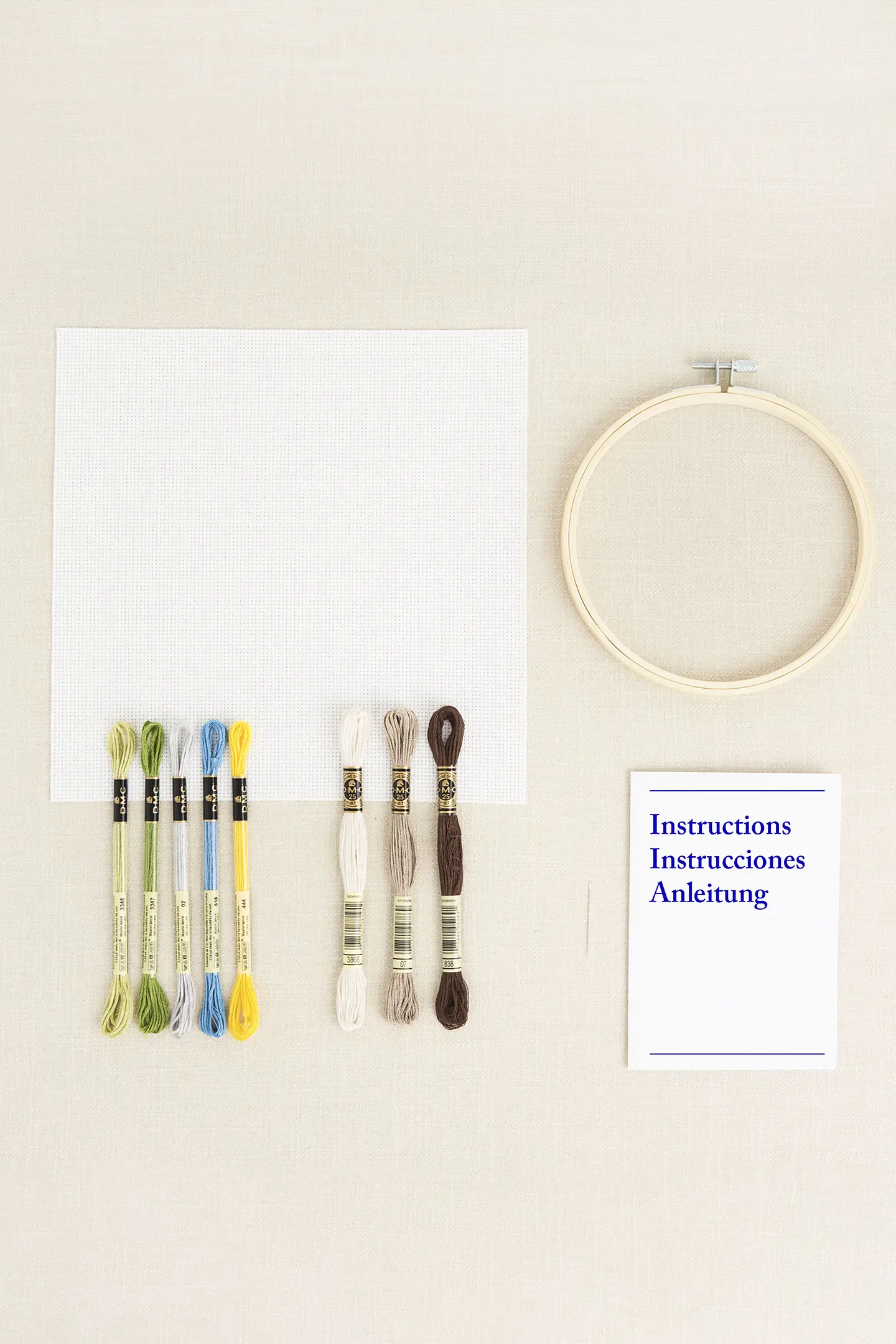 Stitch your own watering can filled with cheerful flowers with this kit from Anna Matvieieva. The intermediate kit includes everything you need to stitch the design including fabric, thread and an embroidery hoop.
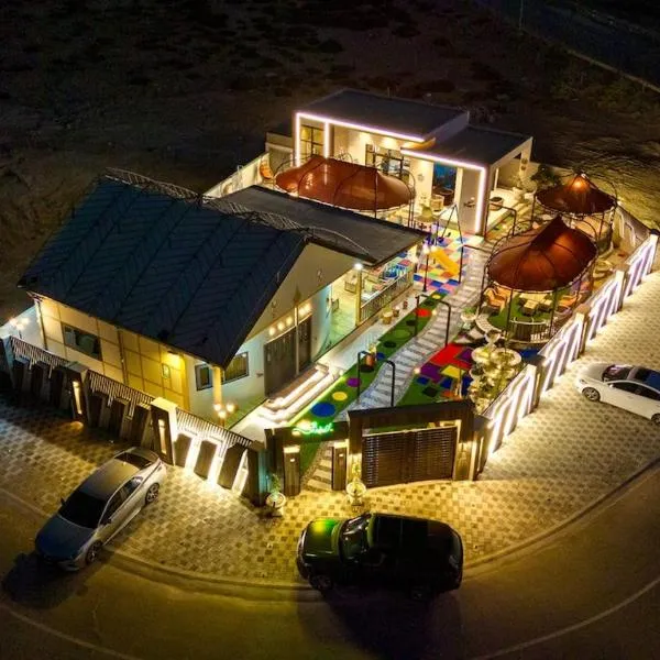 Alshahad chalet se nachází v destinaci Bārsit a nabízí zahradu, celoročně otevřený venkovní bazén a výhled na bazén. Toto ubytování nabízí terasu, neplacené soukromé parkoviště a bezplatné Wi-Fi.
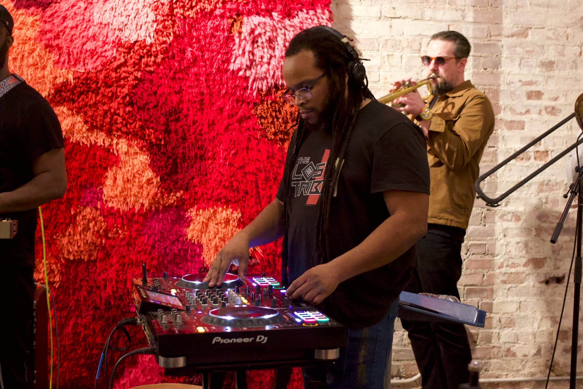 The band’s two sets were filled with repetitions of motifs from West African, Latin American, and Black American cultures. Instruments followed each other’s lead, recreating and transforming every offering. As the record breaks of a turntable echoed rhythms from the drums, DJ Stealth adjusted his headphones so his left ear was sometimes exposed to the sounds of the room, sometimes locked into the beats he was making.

_ _ _ _

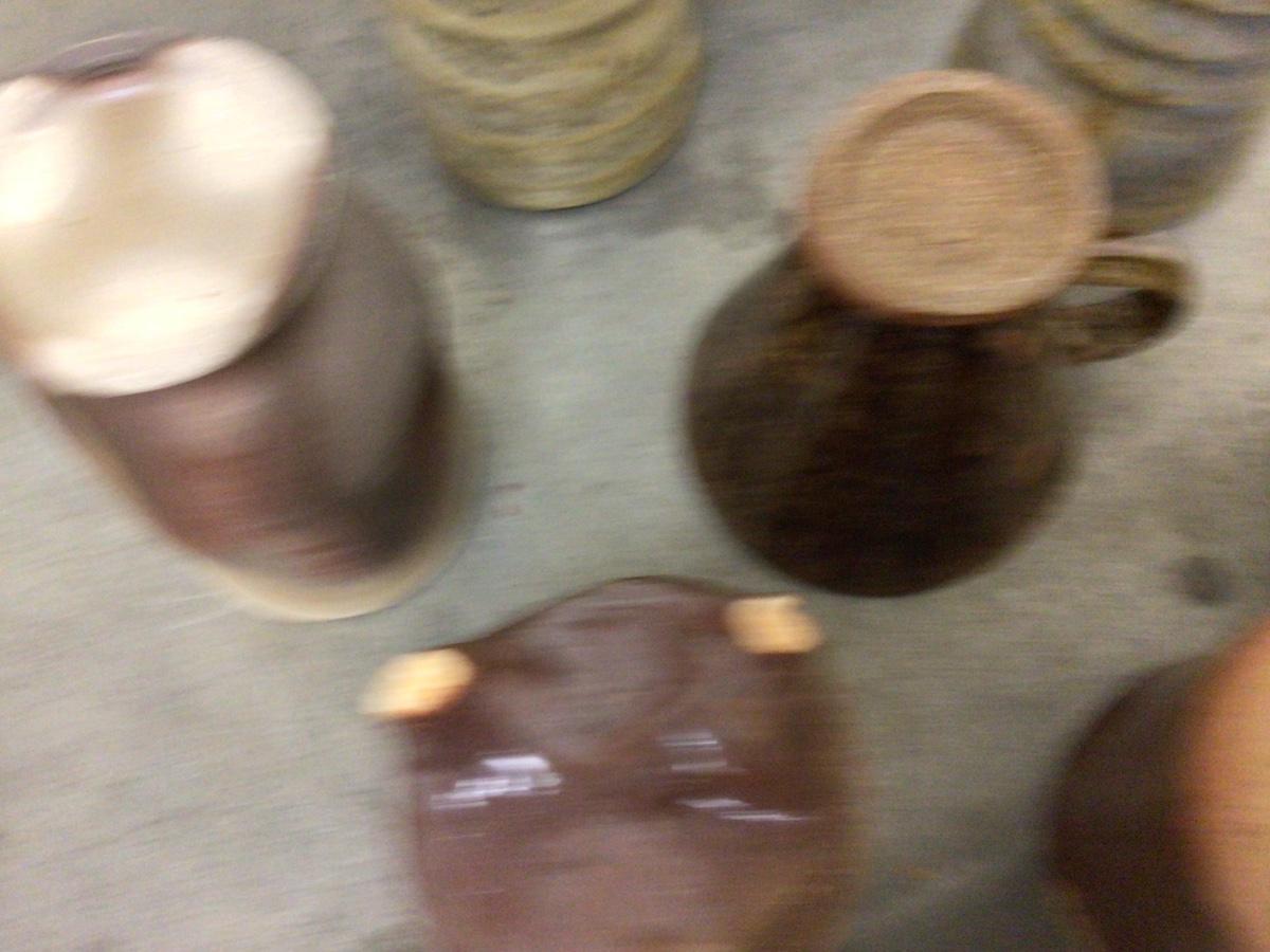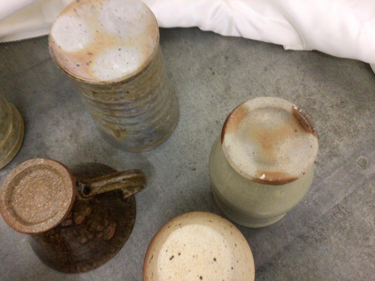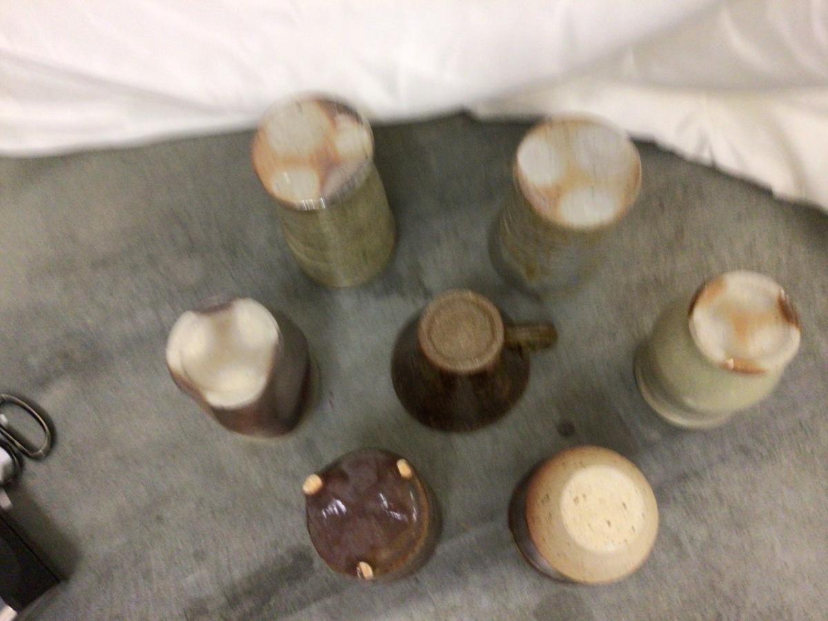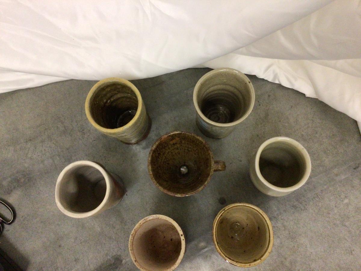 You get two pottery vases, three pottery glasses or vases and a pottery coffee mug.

_ _ _ _

* WORK REQUEST *
From the listing above, restate verbatim the lines running from the one with "Stitch your own" through the one with "The band’s two", inclusive, but not the pictures.

* ANSWER TO THIS PROBLEM *
 Stitch your own watering can filled with cheerful flowers with this kit from Anna Matvieieva. The intermediate kit includes everything you need to stitch the design including fabric, thread and an embroidery hoop.
 Alshahad chalet se nachází v destinaci Bārsit a nabízí zahradu, celoročně otevřený venkovní bazén a výhled na bazén. Toto ubytování nabízí terasu, neplacené soukromé parkoviště a bezplatné Wi-Fi.
 The band’s two sets were filled with repetitions of motifs from West African, Latin American, and Black American cultures. Instruments followed each other’s lead, recreating and transforming every offering. As the record breaks of a turntable echoed rhythms from the drums, DJ Stealth adjusted his headphones so his left ear was sometimes exposed to the sounds of the room, sometimes locked into the beats he was making.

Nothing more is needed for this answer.